Records from a data collection
++++++++
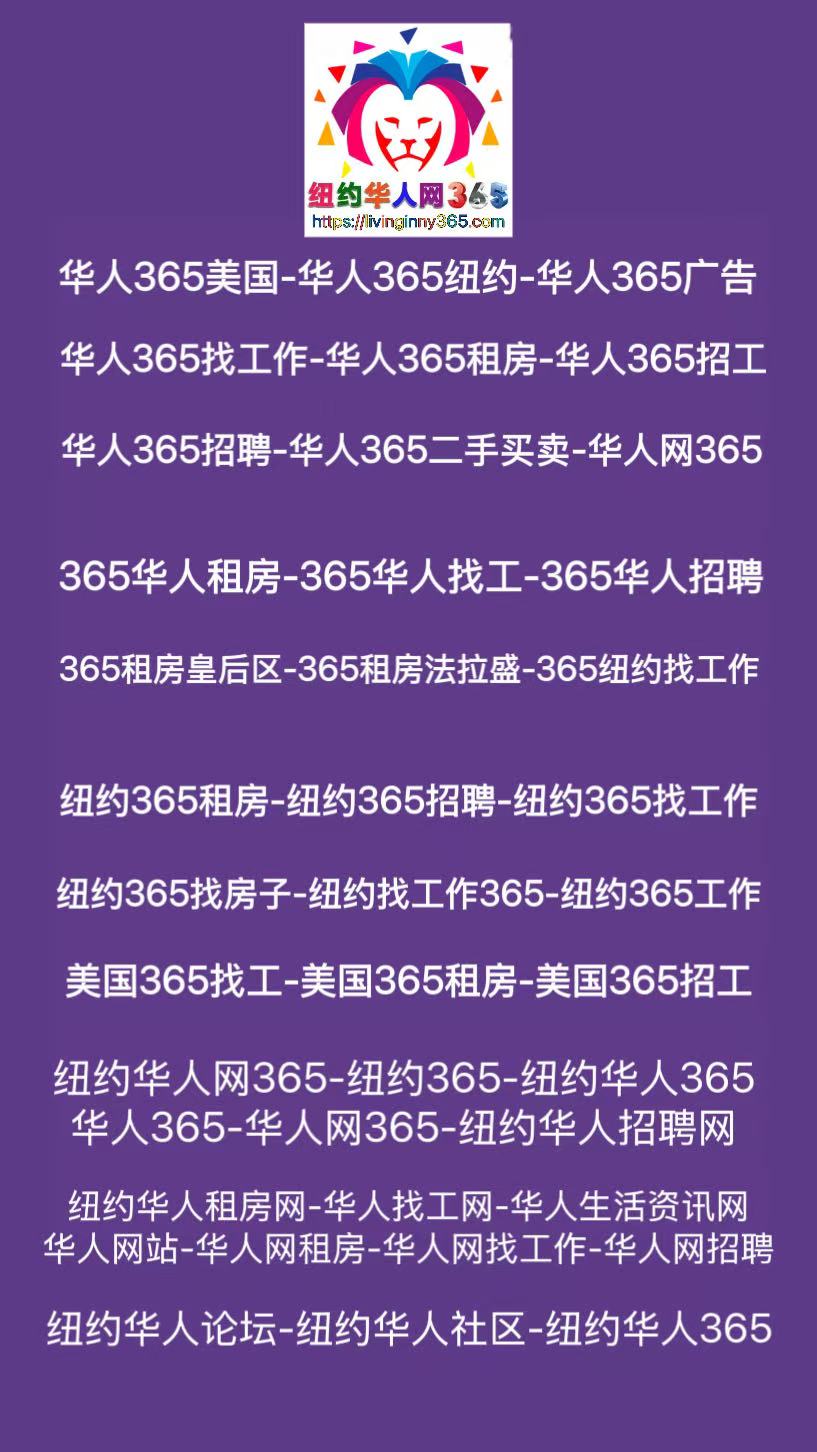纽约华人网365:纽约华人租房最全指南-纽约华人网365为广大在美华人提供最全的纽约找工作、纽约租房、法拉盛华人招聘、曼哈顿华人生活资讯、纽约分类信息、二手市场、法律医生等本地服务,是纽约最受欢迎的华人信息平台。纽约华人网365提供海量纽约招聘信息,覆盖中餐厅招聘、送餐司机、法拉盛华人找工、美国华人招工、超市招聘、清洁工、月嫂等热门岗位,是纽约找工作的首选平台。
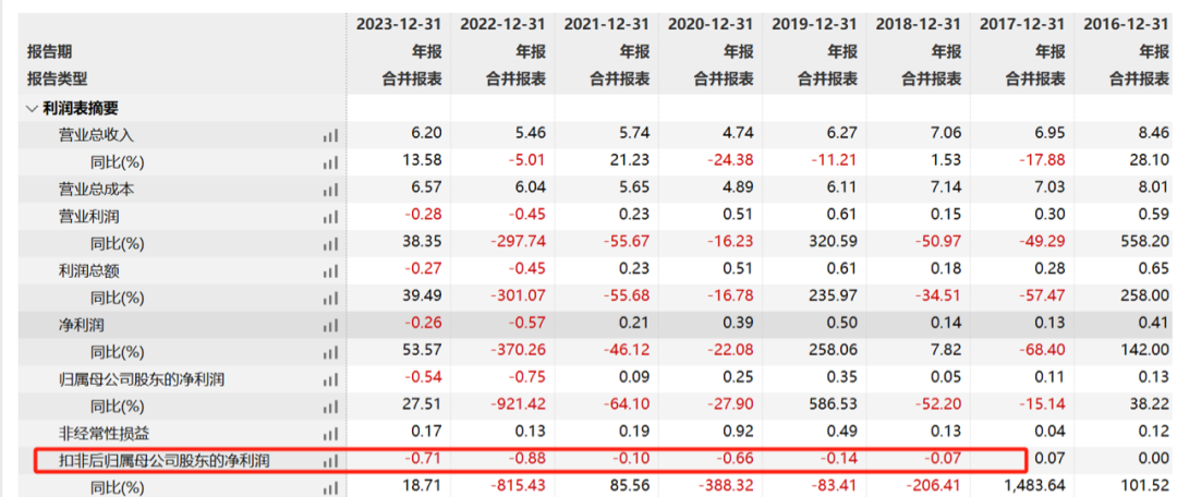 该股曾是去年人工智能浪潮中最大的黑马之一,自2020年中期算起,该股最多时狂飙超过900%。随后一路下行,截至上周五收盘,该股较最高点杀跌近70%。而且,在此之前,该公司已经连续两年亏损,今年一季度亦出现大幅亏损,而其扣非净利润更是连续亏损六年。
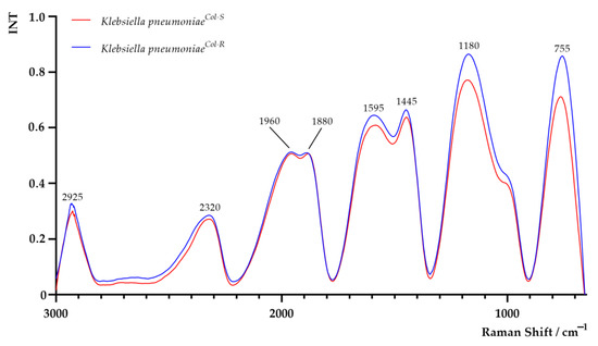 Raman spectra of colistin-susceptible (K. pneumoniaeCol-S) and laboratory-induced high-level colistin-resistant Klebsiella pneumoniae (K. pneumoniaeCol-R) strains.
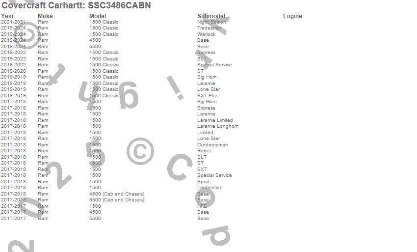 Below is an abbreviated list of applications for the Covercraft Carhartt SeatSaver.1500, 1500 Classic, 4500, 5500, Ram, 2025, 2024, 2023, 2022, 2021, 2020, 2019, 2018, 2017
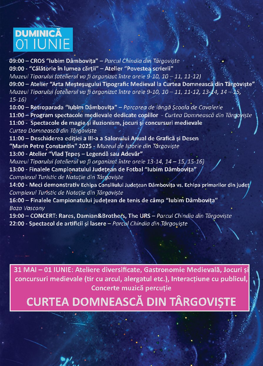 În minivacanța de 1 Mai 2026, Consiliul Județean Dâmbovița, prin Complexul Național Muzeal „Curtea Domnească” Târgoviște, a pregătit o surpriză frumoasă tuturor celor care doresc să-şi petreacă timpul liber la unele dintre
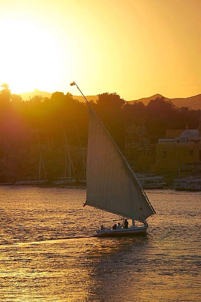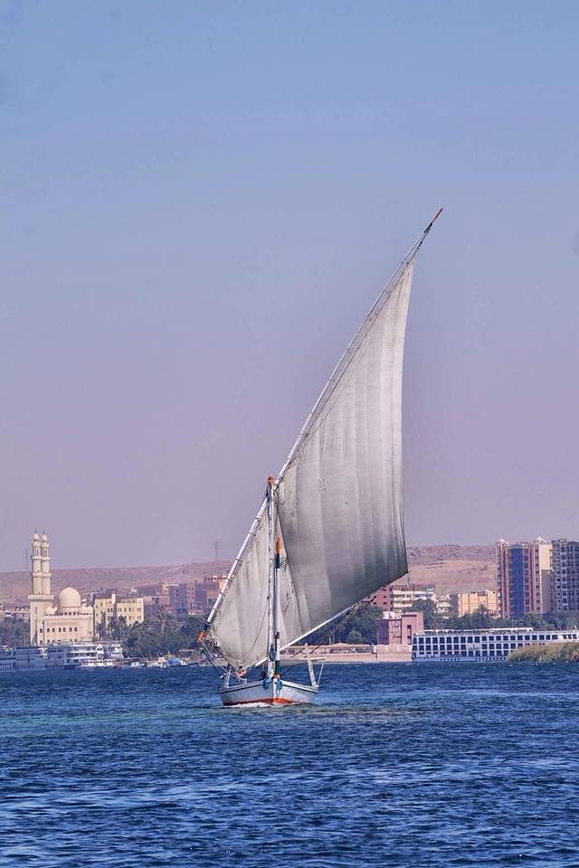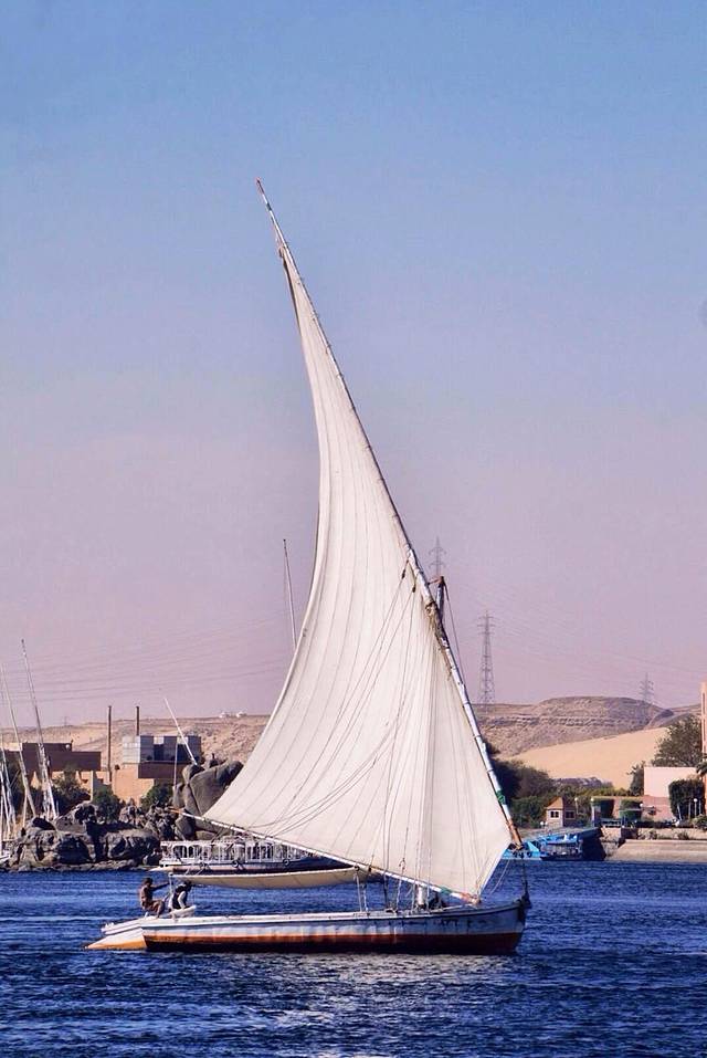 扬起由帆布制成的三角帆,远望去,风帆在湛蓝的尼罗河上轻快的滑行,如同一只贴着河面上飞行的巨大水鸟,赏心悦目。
++++++++
To do:
Omit the pictures and restate the rest of the records verbatim.

Output for this exercise:
纽约华人网365:纽约华人租房最全指南-纽约华人网365为广大在美华人提供最全的纽约找工作、纽约租房、法拉盛华人招聘、曼哈顿华人生活资讯、纽约分类信息、二手市场、法律医生等本地服务,是纽约最受欢迎的华人信息平台。纽约华人网365提供海量纽约招聘信息,覆盖中餐厅招聘、送餐司机、法拉盛华人找工、美国华人招工、超市招聘、清洁工、月嫂等热门岗位,是纽约找工作的首选平台。
 该股曾是去年人工智能浪潮中最大的黑马之一,自2020年中期算起,该股最多时狂飙超过900%。随后一路下行,截至上周五收盘,该股较最高点杀跌近70%。而且,在此之前,该公司已经连续两年亏损,今年一季度亦出现大幅亏损,而其扣非净利润更是连续亏损六年。
 Raman spectra of colistin-susceptible (K. pneumoniaeCol-S) and laboratory-induced high-level colistin-resistant Klebsiella pneumoniae (K. pneumoniaeCol-R) strains.
 Below is an abbreviated list of applications for the Covercraft Carhartt SeatSaver.1500, 1500 Classic, 4500, 5500, Ram, 2025, 2024, 2023, 2022, 2021, 2020, 2019, 2018, 2017
 În minivacanța de 1 Mai 2026, Consiliul Județean Dâmbovița, prin Complexul Național Muzeal „Curtea Domnească” Târgoviște, a pregătit o surpriză frumoasă tuturor celor care doresc să-şi petreacă timpul liber la unele dintre
 扬起由帆布制成的三角帆,远望去,风帆在湛蓝的尼罗河上轻快的滑行,如同一只贴着河面上飞行的巨大水鸟,赏心悦目。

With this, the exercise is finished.